*Data for processing*

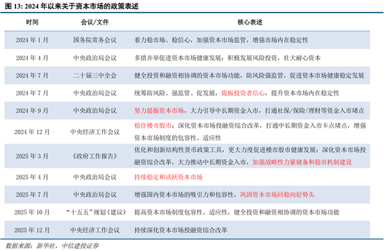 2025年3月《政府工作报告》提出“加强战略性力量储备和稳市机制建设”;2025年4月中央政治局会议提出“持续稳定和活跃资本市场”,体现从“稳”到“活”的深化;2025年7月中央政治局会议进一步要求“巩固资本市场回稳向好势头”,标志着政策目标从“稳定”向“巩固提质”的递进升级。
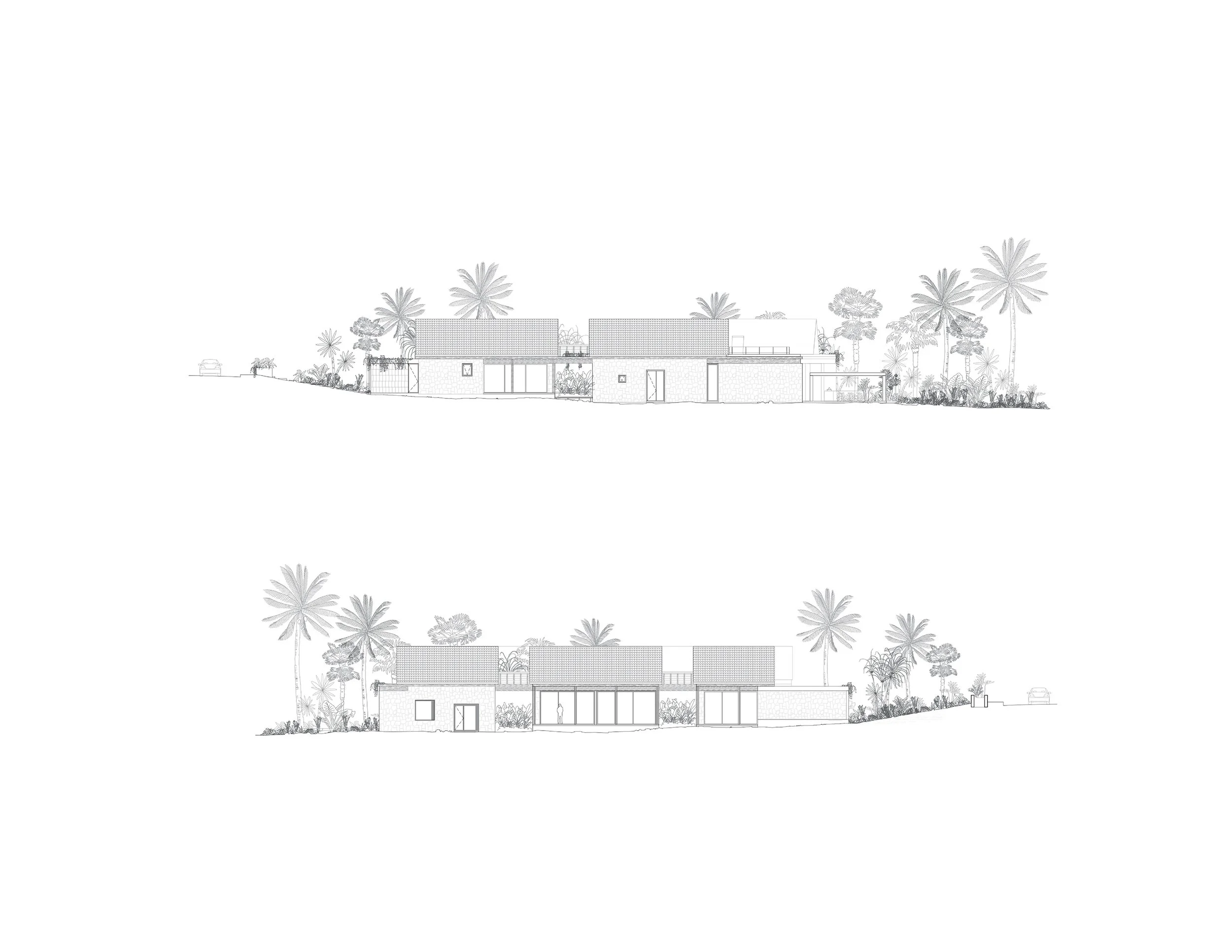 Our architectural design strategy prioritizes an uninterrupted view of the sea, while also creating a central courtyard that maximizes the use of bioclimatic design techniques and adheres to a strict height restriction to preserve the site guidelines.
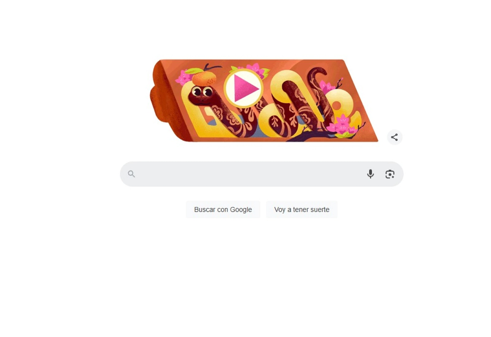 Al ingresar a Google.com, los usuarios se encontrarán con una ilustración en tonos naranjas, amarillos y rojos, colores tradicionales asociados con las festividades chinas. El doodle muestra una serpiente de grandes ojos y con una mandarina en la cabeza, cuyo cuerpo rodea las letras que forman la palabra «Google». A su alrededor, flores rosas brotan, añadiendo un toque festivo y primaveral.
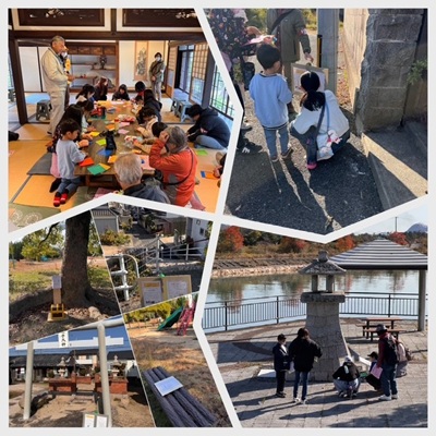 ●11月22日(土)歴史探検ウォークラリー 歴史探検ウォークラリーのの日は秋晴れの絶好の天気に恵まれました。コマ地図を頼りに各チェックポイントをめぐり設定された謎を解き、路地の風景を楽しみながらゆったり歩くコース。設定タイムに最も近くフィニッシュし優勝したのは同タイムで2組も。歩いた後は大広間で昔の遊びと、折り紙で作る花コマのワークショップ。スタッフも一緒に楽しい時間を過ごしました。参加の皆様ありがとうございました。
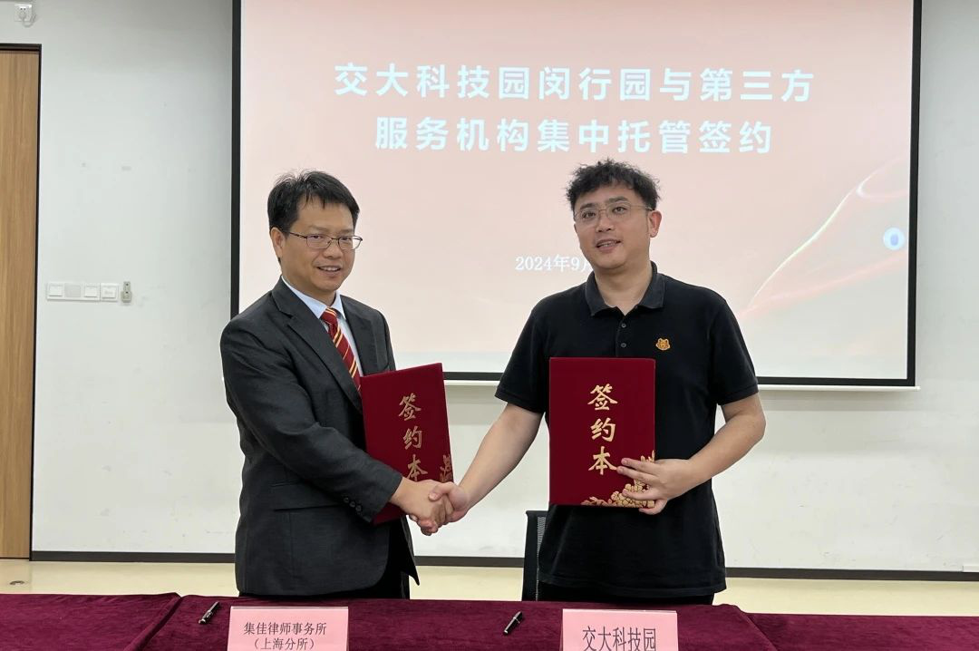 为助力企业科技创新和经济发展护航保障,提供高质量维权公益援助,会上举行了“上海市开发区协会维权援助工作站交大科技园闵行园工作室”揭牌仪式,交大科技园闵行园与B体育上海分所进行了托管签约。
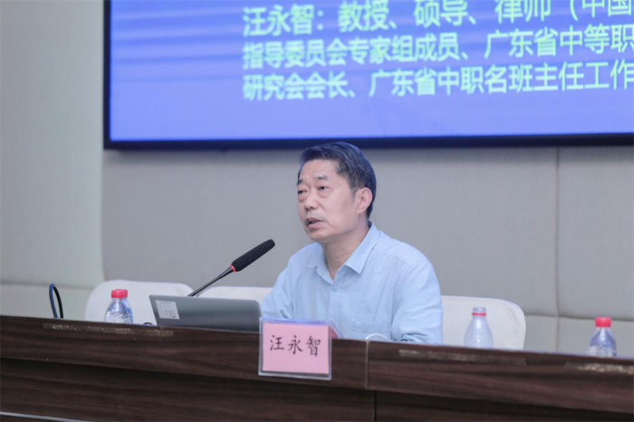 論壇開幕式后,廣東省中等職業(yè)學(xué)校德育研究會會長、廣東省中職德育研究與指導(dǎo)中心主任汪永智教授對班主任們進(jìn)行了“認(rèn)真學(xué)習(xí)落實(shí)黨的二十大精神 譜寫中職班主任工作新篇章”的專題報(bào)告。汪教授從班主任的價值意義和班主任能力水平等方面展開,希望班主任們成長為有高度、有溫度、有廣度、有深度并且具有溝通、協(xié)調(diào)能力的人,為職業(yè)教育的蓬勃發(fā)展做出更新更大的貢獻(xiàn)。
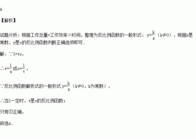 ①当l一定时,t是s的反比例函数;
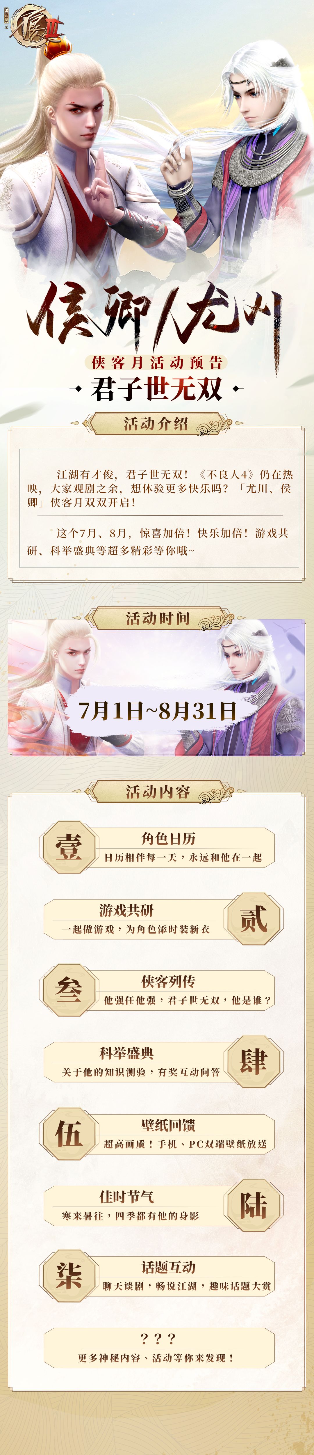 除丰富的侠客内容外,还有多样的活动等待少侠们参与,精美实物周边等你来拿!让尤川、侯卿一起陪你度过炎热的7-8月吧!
--
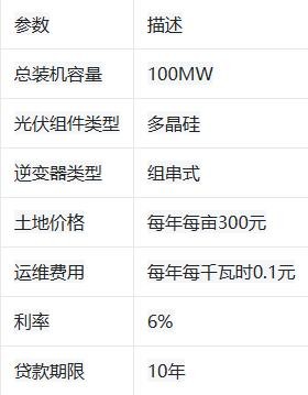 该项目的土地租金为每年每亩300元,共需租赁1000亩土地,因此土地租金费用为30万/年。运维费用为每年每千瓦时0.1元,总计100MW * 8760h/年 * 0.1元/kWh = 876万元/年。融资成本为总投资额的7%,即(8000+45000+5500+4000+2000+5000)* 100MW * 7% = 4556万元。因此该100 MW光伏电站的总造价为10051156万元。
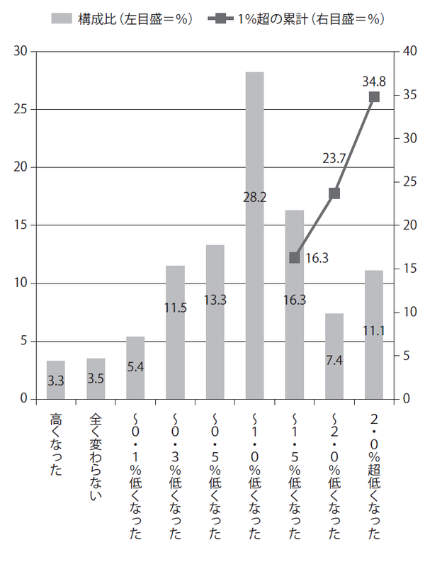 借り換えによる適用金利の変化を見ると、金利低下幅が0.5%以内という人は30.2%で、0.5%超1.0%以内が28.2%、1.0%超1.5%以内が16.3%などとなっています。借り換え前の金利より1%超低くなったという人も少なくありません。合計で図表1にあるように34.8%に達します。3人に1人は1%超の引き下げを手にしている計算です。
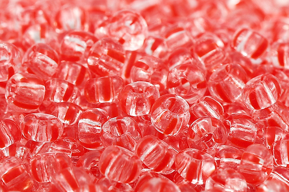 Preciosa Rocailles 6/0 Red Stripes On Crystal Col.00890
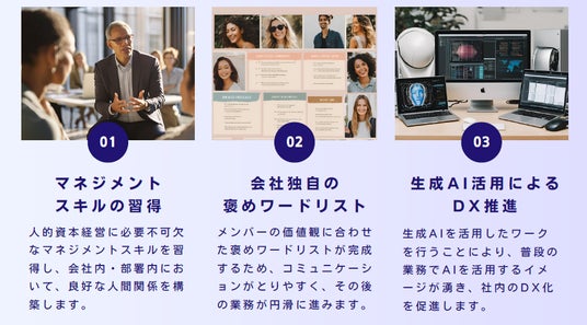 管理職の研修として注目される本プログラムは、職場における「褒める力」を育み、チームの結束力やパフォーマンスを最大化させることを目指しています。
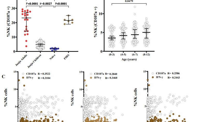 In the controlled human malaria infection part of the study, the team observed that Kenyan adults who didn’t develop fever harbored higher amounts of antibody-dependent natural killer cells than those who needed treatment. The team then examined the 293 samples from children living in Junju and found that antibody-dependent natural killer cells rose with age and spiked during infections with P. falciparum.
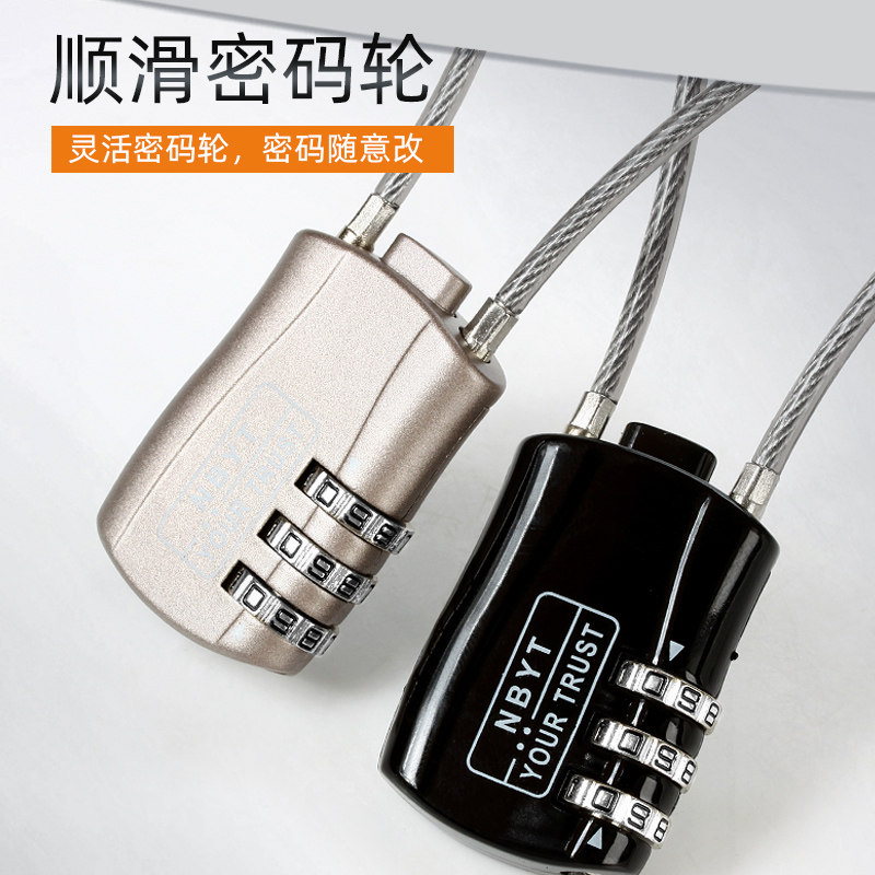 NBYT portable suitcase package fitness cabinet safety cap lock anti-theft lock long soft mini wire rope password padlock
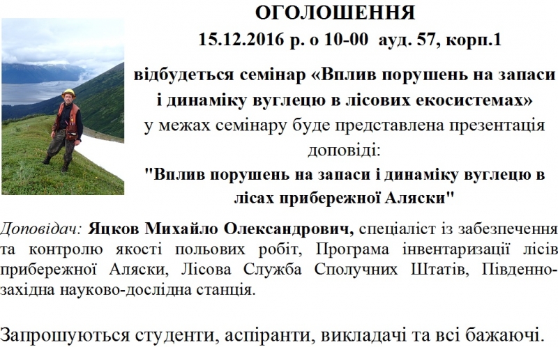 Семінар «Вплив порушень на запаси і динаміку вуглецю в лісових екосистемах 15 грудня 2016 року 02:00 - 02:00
==
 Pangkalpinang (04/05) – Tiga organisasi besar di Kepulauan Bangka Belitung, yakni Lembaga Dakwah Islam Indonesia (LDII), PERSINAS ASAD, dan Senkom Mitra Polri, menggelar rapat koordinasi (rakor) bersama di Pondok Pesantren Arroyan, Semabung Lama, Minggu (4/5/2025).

*Your task*
Using the data above, set down each line from the line with "2025年3月《政府工作报告" to the line with "Our architectural design" exactly, both ends included, and leave the pictures behind. Nothing else belongs.

*Solution to the problem*
 2025年3月《政府工作报告》提出“加强战略性力量储备和稳市机制建设”;2025年4月中央政治局会议提出“持续稳定和活跃资本市场”,体现从“稳”到“活”的深化;2025年7月中央政治局会议进一步要求“巩固资本市场回稳向好势头”,标志着政策目标从“稳定”向“巩固提质”的递进升级。
 Our architectural design strategy prioritizes an uninterrupted view of the sea, while also creating a central courtyard that maximizes the use of bioclimatic design techniques and adheres to a strict height restriction to preserve the site guidelines.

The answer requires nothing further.